◆ **AIM OF THE EXERCISE**
In the entries that follow, repeat exactly the lines from the one that has "Full Size Modern" through the one that has "本研究构建了一个基于卷积神经", but omit pictures.

** SUPPLIED ENTRIES follows **

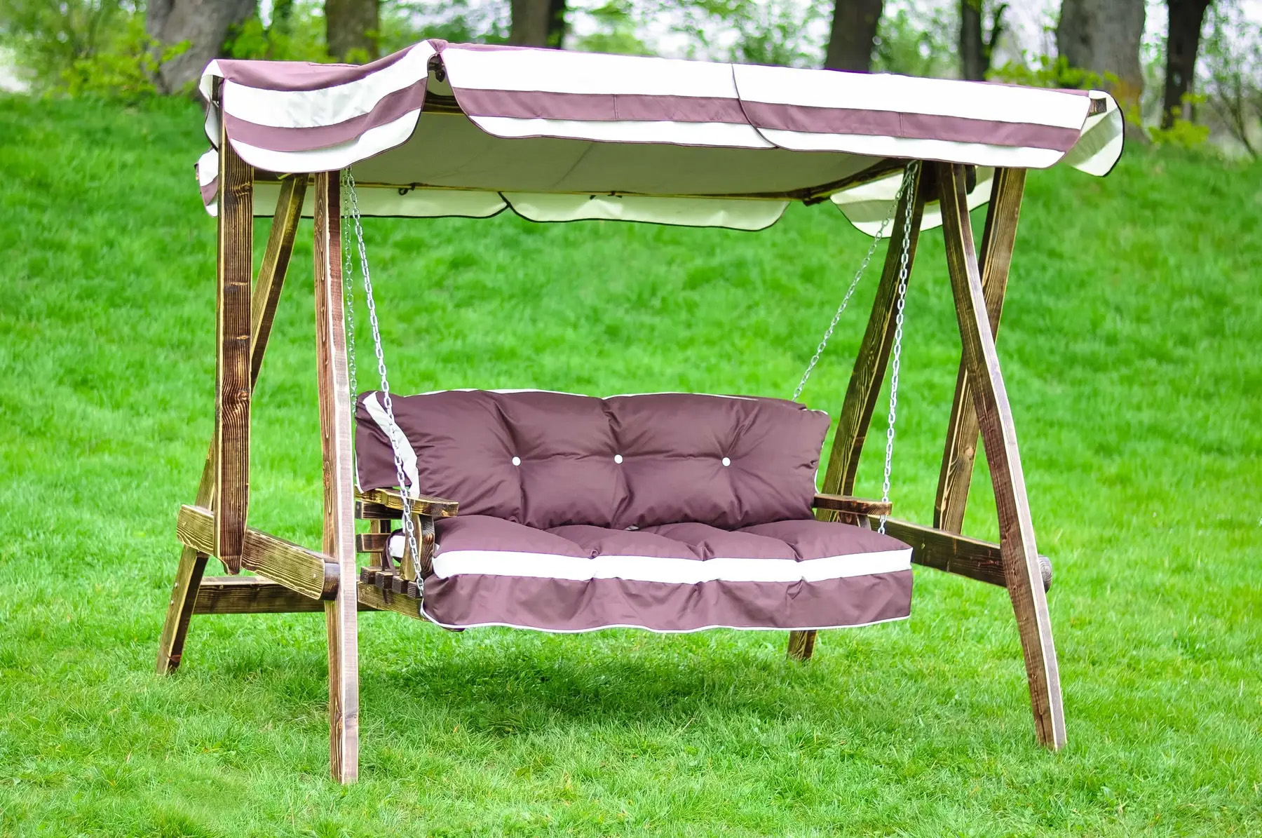 Гойдалки з дерева також відзначаються стилем і універсальністю. Вони органічно доповнюють будь-який садовий інтер’єр, підходячи як для просторих ділянок, так і для невеликих затишних куточків.
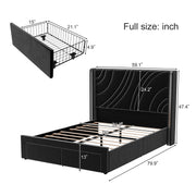Full Size Modern Upholstered LED Bed Frame With Storage Drawers, Velvet Platform Bed With Wingback Headboard, RGB Light, Slats Support - Black
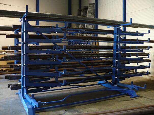 The “Cleverrack” offers you the best possible economic solution for storage of long bars, tubes or other materials with lengths up to 6 meters and loading capacity up to 28,000 kg per system. The simplicity of the system is stunning; a couple of rotating arms make it possible to store, load and unload materials in a very effective and safe way. SIMPLE AND COST EFFECTIVE. We have a large stock of these products so short delivery times can be GUARANTEED.
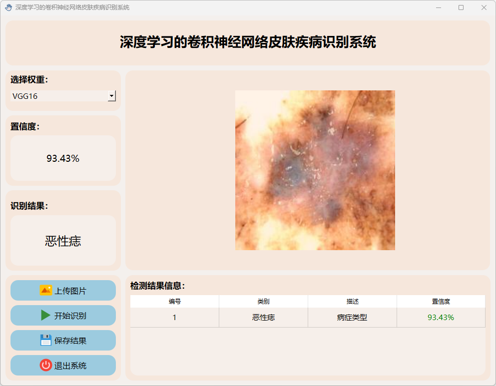 本研究构建了一个基于卷积神经网络的新型皮肤疾病识别平台,在临床医学领域具有重要应用价值。该平台通过深度学习算法对皮肤图像进行多维度分析,在此基础上实现了多种常见皮肤病的自动诊断与分类功能。研究者发现该系统凭借卷积神经网络卓越的特征提取能力,在处理海量皮肤样本时展现出极强的学习效能,并能有效识别各类复杂皮肤病变类型。为了进一步优化用户体验和技术性能,在开发阶段我们采用了PyQt5框架构建人机交互界面,并在此基础上设计了智能辅助诊断功能模块。实验结果表明该系统不仅能够便捷地完成医学影像数据的导入与处理工作,还提供了一系列智能化诊断服务功能
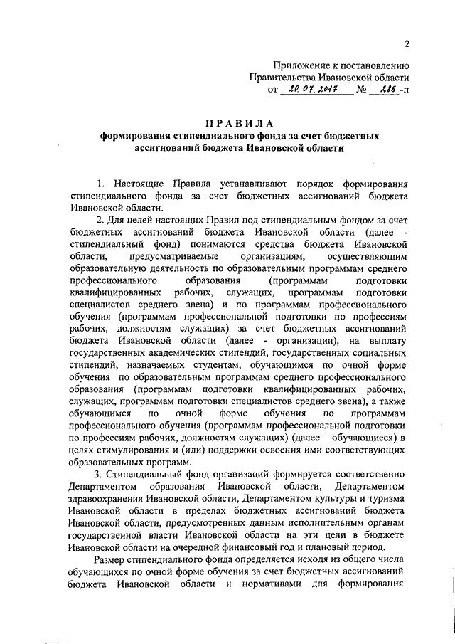 Постановление Правительства Ивановской области от 20.07.2017 N 286-п "Об утверждении Правил формирования стипендиального фонда за счет бюджетных ассигнований бюджета Ивановской области"
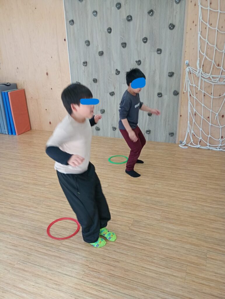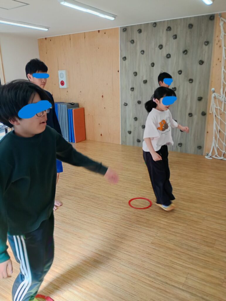 ③「右」の他に「左」「前」「後ろ」などとジャンプをする方向を指示していきます。

** End of SUPPLIED ENTRIES **

◆ **ANSWER BELOW**
Full Size Modern Upholstered LED Bed Frame With Storage Drawers, Velvet Platform Bed With Wingback Headboard, RGB Light, Slats Support - Black
 The “Cleverrack” offers you the best possible economic solution for storage of long bars, tubes or other materials with lengths up to 6 meters and loading capacity up to 28,000 kg per system. The simplicity of the system is stunning; a couple of rotating arms make it possible to store, load and unload materials in a very effective and safe way. SIMPLE AND COST EFFECTIVE. We have a large stock of these products so short delivery times can be GUARANTEED.
 本研究构建了一个基于卷积神经网络的新型皮肤疾病识别平台,在临床医学领域具有重要应用价值。该平台通过深度学习算法对皮肤图像进行多维度分析,在此基础上实现了多种常见皮肤病的自动诊断与分类功能。研究者发现该系统凭借卷积神经网络卓越的特征提取能力,在处理海量皮肤样本时展现出极强的学习效能,并能有效识别各类复杂皮肤病变类型。为了进一步优化用户体验和技术性能,在开发阶段我们采用了PyQt5框架构建人机交互界面,并在此基础上设计了智能辅助诊断功能模块。实验结果表明该系统不仅能够便捷地完成医学影像数据的导入与处理工作,还提供了一系列智能化诊断服务功能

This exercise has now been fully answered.